1. After 10 years together I don't expect 7-times-in-one-day marathon any more.
2. He is working in a physically demanding job that he HATES
3. We have discussed the problem several times with the conclusion that the fact we only have sex once a month is because he is stressed/in pain and or tired.

I understand his point of view, I really do, and the fact that he took this job for us makes this whole subject very difficult for me to bring up with him but I am going out of my mind here!!!
Firstly, initiating sex has become wholly my responsibility and under the circumstances, fair enough, but I am continually rejected and when I last asked him if I should keep trying to initiate sex as he never seems interested, he said that I should but if he wasn't in the mood I should laugh it off understandingly.
OK, got the point but this is becoming increasingly hard to do.
I have found that the only successful attempts are either
1.. A quickie first thing in the morning, 5 minutes, Wham Bham thank you mam or
2.. An early hours-when-he-is-sleeping attack! (use you imagination)
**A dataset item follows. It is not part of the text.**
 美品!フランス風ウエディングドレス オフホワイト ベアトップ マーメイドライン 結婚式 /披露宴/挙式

Now we flirt during the day, he often expresses how much he desires me or tells me that I look very nice. Also we have a very rich fantasy life that we discuss with each other.
All good ingredients for healthy sexual relations, this I understand.
My problem is twofold..
1 I am finding it more and more difficult to handle the rejection and
2 When ever I manage to interest him/ engage him sexually he ALWAYS brings up our fantasies.
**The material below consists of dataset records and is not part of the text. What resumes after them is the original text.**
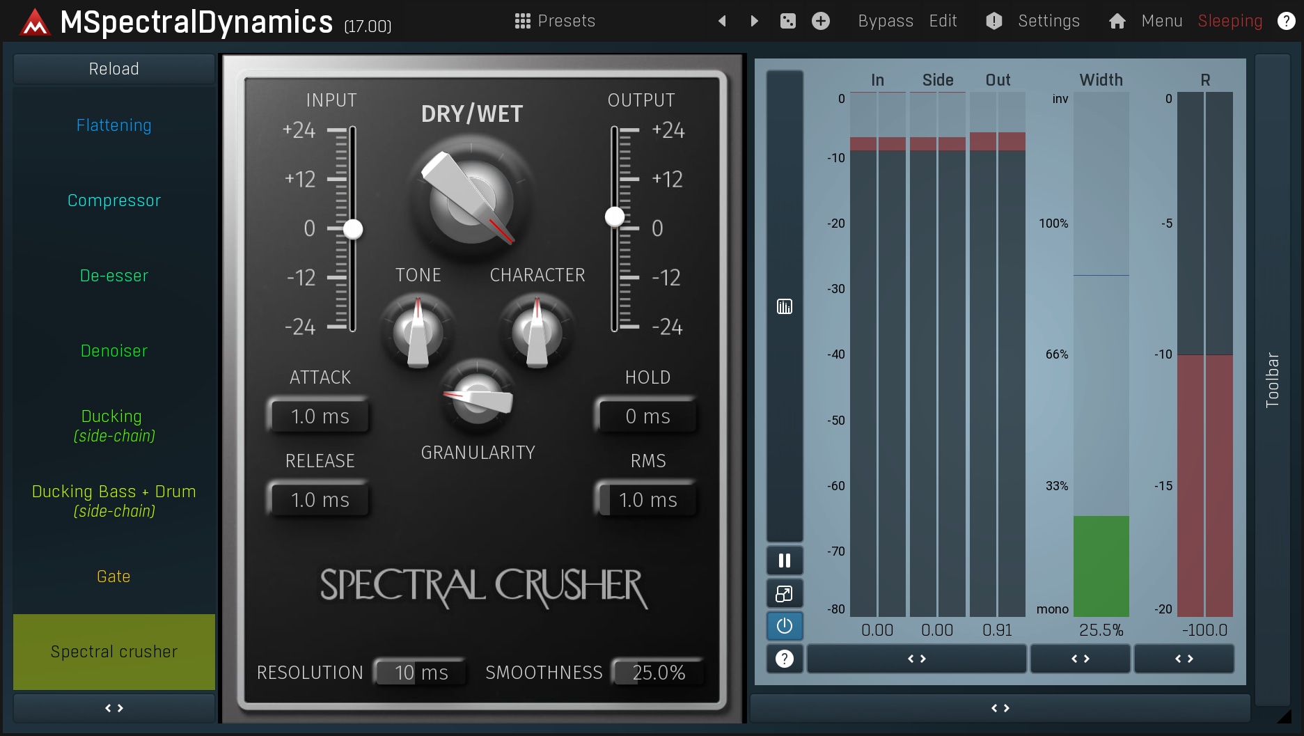 A spectral dynamics processor for frequency-specific dynamic shaping.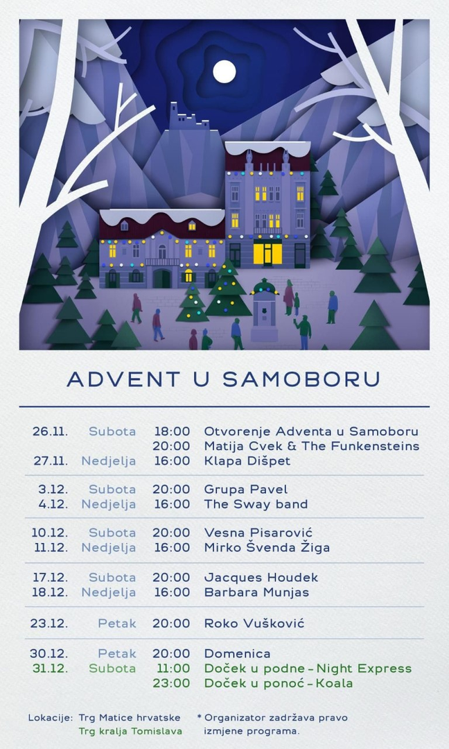 Advent u Samoboru službeno počinje 26. studenog programom na klizalištu i koncertom Matije Cveka, a dan kasnije nastupa klapa Dišpet. Spektakularan program za cijelu obitelj očekuje vas i na pop up klizalištu koje je ove godine još veće.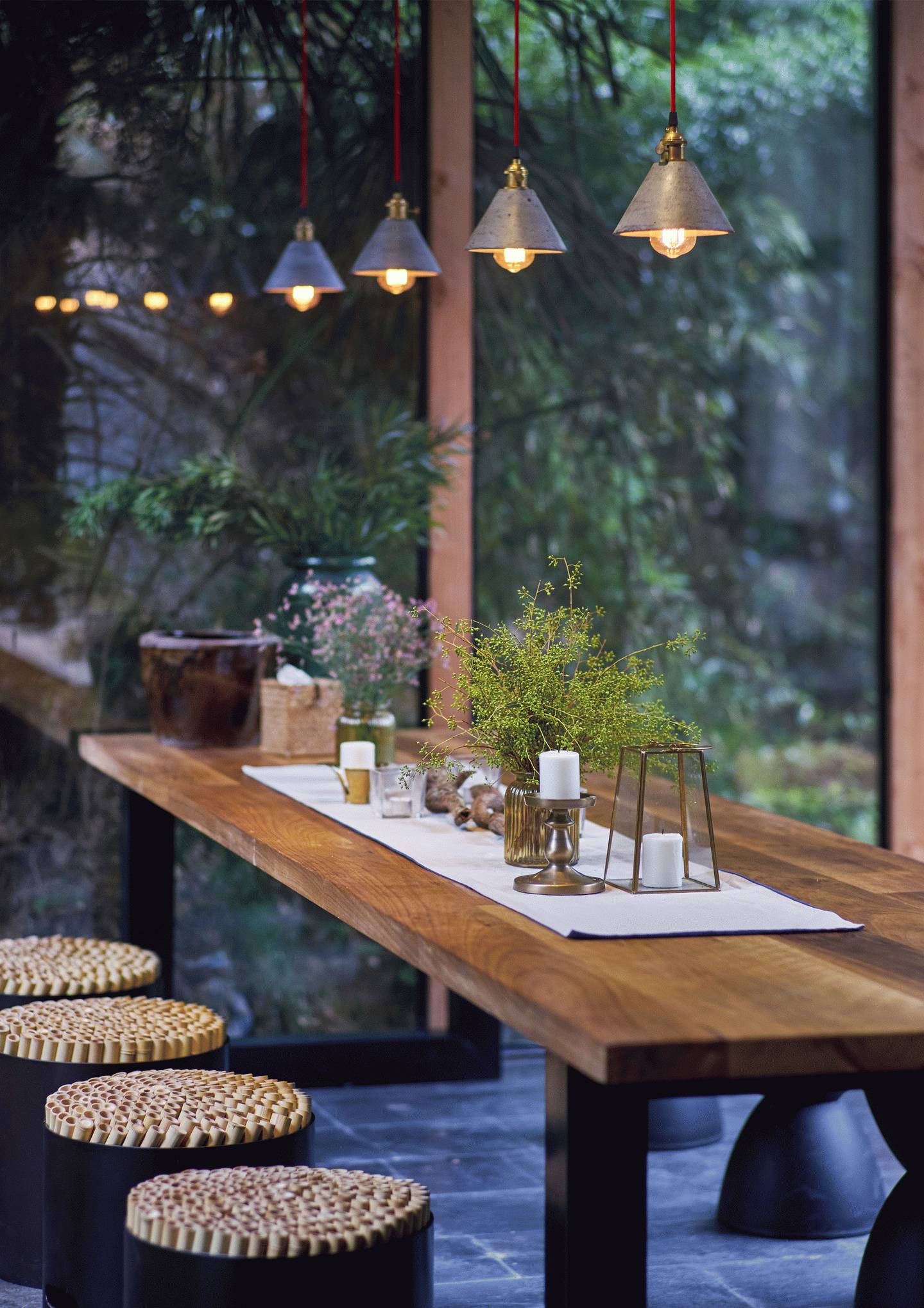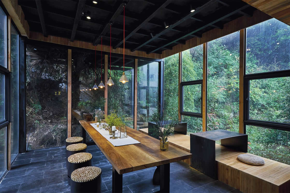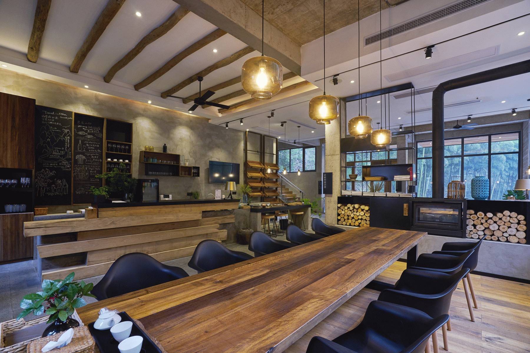 原木,总是让人感觉自然质朴,心生亲切;以原木材质为主要装饰材料,在加上黑色金属,给人一种温润、温暖的感觉。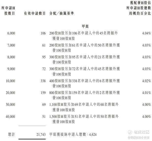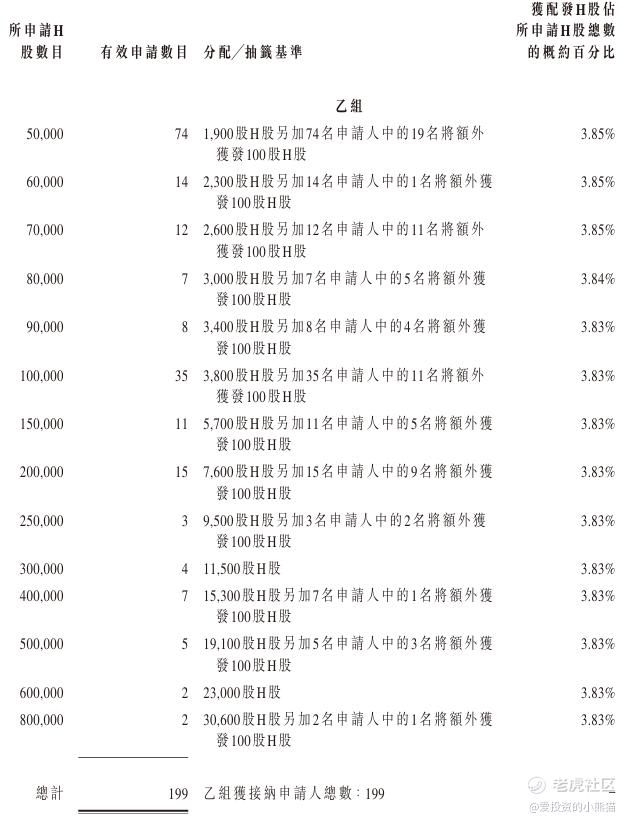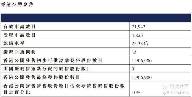 配售情况:21942人认购,这次公配25.33倍,由于执行分配机制B, 回拨比率无,国配有2.65倍,一手中签率4.32%,认购25手稳中1手,同时乙组199人申购,其中顶头槌申购0张,获配率3.83%-3.85%。

Now as a PART of a healthy sexual relationship talking about fantasies are normal but for me a sexual relationship comes in two parts...
1 Having sex
2 Making love.

We have sex once a month only because I keep trying until we are successful.
The really big problem is that no matter what I try, in the end we only have sex.
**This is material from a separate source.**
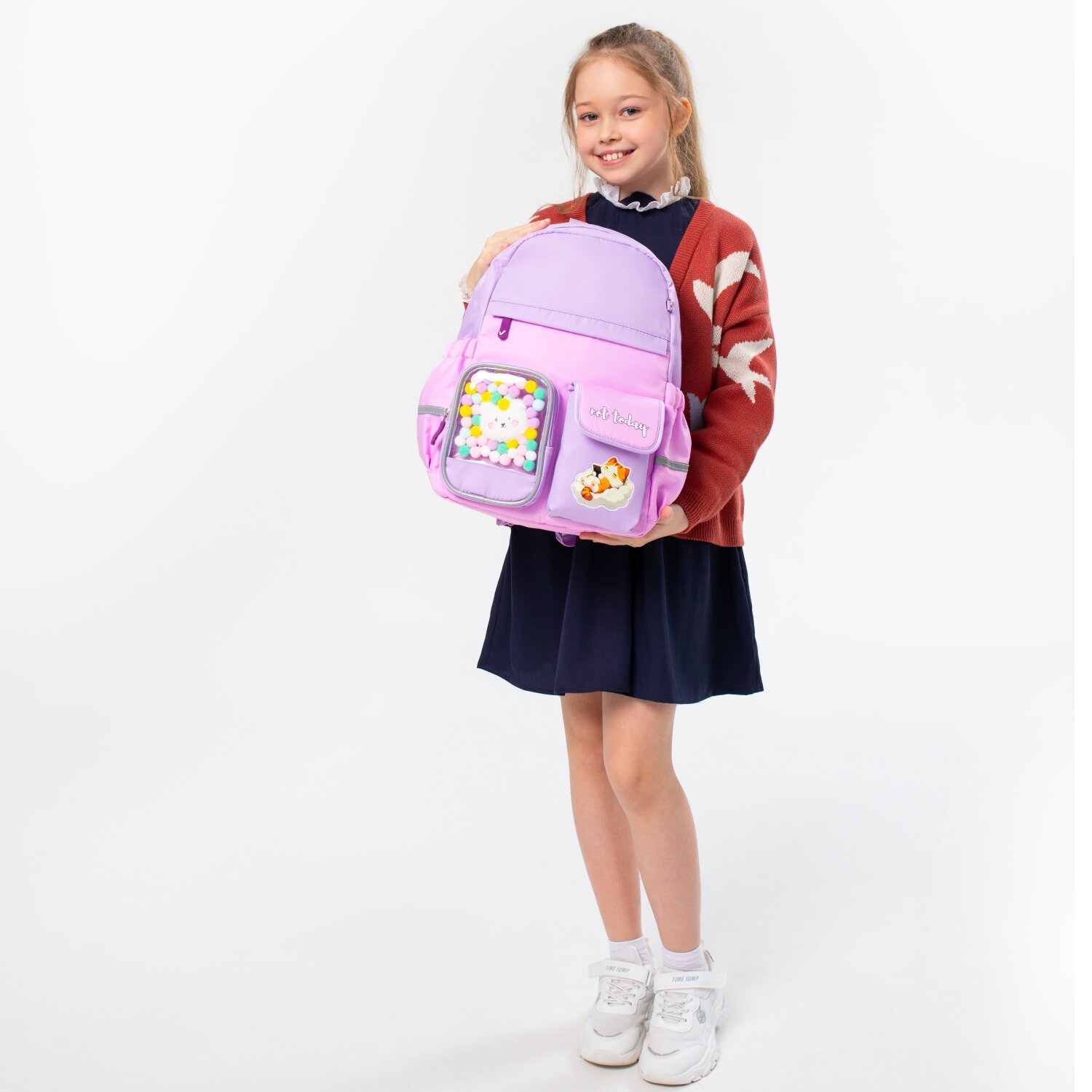 В основном отделении рюкзака легко и удобно размещаются учебники и тетради формата А4+, а также предусмотрен прижимной разделитель. На передней части рюкзака расположены три кармана для различных мелочей: прозрачный карман с ярким декоративным наполнением, карман на липучке и большой карман на молнии. Такая организация отделений поможет ребенку грамотно распределить школьные принадлежности и личные вещи.

What can I do about this? I'm afraid that I'll lose the little sex I do have if I mention this particular point. I don't even know if I'm over reacting (something I often do) or if, once again, I am over thinking things.

But for me, this lack of intimacy is becoming about everything. All the little things that were just part of his personality when we married have become reasons to leave. For example.. I ask him to think about the weeks menu so that we can write a shopping list... and he can't.
Two years ago, this was just because he was who he was and liked everything I cooked. Lovely to heave such an easy customer.
Now, if it seems that if I can't rely on him for a decision over something so simple as a menu, how on earth can I rely on him for anything at all.
We were talking about starting a family.
He said that as I was the one who was most affected by stress (I have panic attacks and am prone to depression) it would be my decision as to when we would get pregnant!!
Considerate or passive aggressive unreliable B.S.? I can't tell any more.
I think all of this comes from the fact that I can't connect with him in the way I need in the bedroom. I know that this has all been very much a rant but I really need help.
Am I overacting?
Is it all connected?
What can I do to fix this?
Should I leave?
We have sex once a month, and this is a big something under the circumstances but we haven't made love in YEARS and I don't know how to fix this or even if I can.
PLEASE PLEASE HELP!
I think my marriage may be over.

Add a Comment7 Comments

Jenlnic,

So sorry you're overwhelmed. You have so much going on. Take care, and remember that you guys are smart, loving souls who can figure this out. You just have to take a day at a time. We're thinking of you.

June 16, 2009 - 9:52am

Thank you both for your answers and i will consider your points and get back to you but I am having a bad day and can't even try to think about anything positive. It is so easy at the moment to let all the negative thoughts and feelings become enormous that right now I don't think of anything at all.
This is normal and goes away in a few days, I'll reply properly then. Thanks again.

June 15, 2009 - 2:06pm

Another addition to my comment above:

After discussion the two definitions (sex vs. making love)...perhaps there is a third way to have intercourse?! If your hubby is stressed and unhappy, he may feel pressure to perform in a particular way to suit you. He is obviously having intercourse in the way that he wants (a quickie). What if you both re-define intercourse in a 3rd way...perhaps as a "stress-reliever" or something that you both would find useful?! Even come up with a funny/sexy name or new "style" that is all your own.

I didn't want to close you into a box with definitions, but was trying to suggest that the way you define each of those different intercourse styles may overlap, and you may just need "an extra minute of passionate kissing" (for example) instead of an entire overhaul of "making love" and not "just sex". The latter seems daunting, but the first re-framing is something that is easier to achieve.

does that make sense? And, finding the exact behaviors that you both would find satisfying would be idea...hence the "3rd definition" of intercourse.

June 14, 2009 - 8:19am

Hi,
Since Diane has provided some wonderful insight and information, I thought I could play the "other side", and ask some questions in a different perspective. Please know I whole-heartedly agree with everything Diane has suggested, and only offer this to bring up other thoughts---I do not want to minimize your frustration and struggles.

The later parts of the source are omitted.